INFORMATION SHOWN

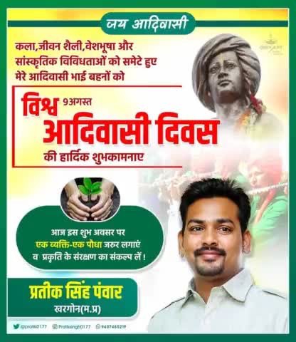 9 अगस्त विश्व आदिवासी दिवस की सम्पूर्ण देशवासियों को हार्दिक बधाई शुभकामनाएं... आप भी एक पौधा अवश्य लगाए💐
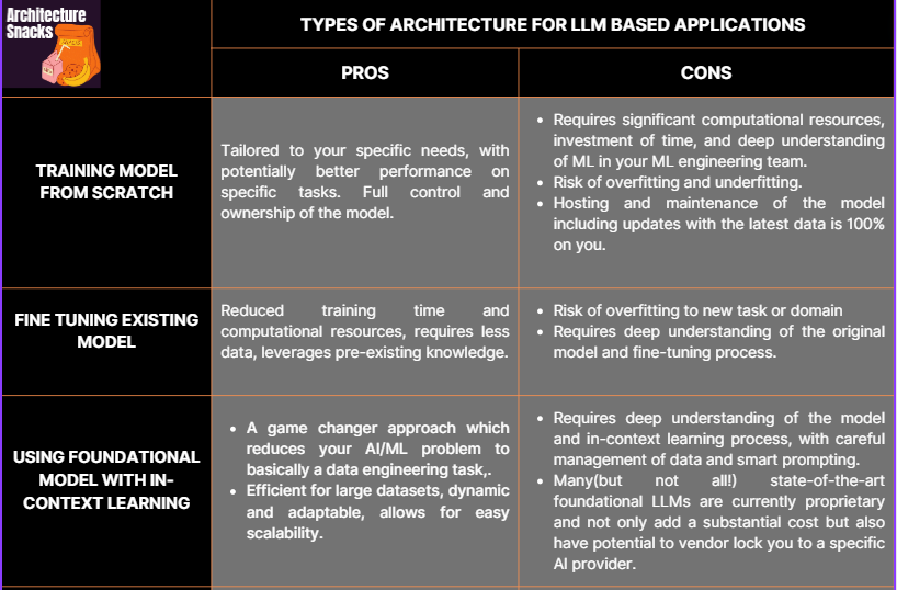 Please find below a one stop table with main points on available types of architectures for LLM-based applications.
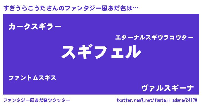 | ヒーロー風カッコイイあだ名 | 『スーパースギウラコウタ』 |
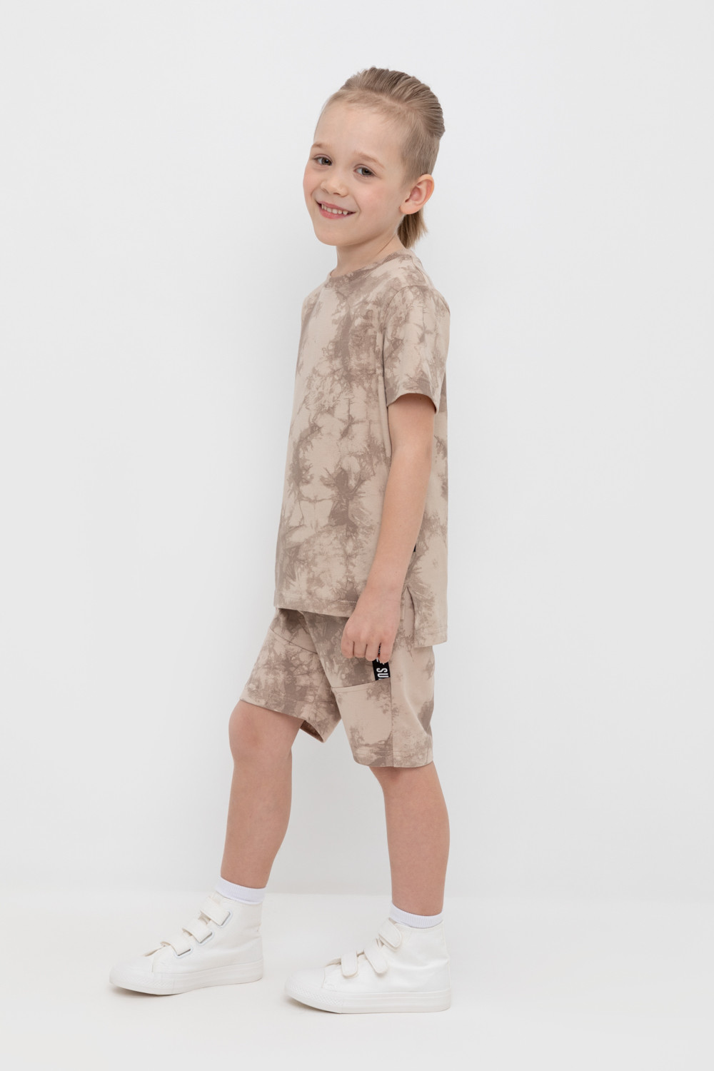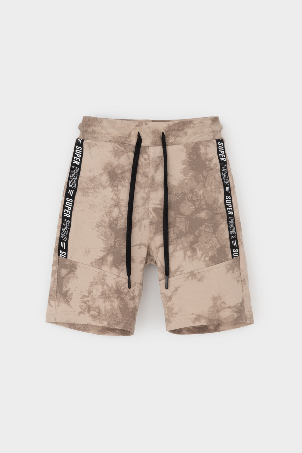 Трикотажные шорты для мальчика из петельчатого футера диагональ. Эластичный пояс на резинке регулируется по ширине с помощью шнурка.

WHAT TO DO
All that belongs in the answer is the exact run of lines from the line containing "ヒーロー風カッコイイあだ名 | 『スーパースギウラコウタ』 |" to the end of the listing above, pictures removed.

RESPONSE TO THE EXERCISE
 | ヒーロー風カッコイイあだ名 | 『スーパースギウラコウタ』 |
 Трикотажные шорты для мальчика из петельчатого футера диагональ. Эластичный пояс на резинке регулируется по ширине с помощью шнурка.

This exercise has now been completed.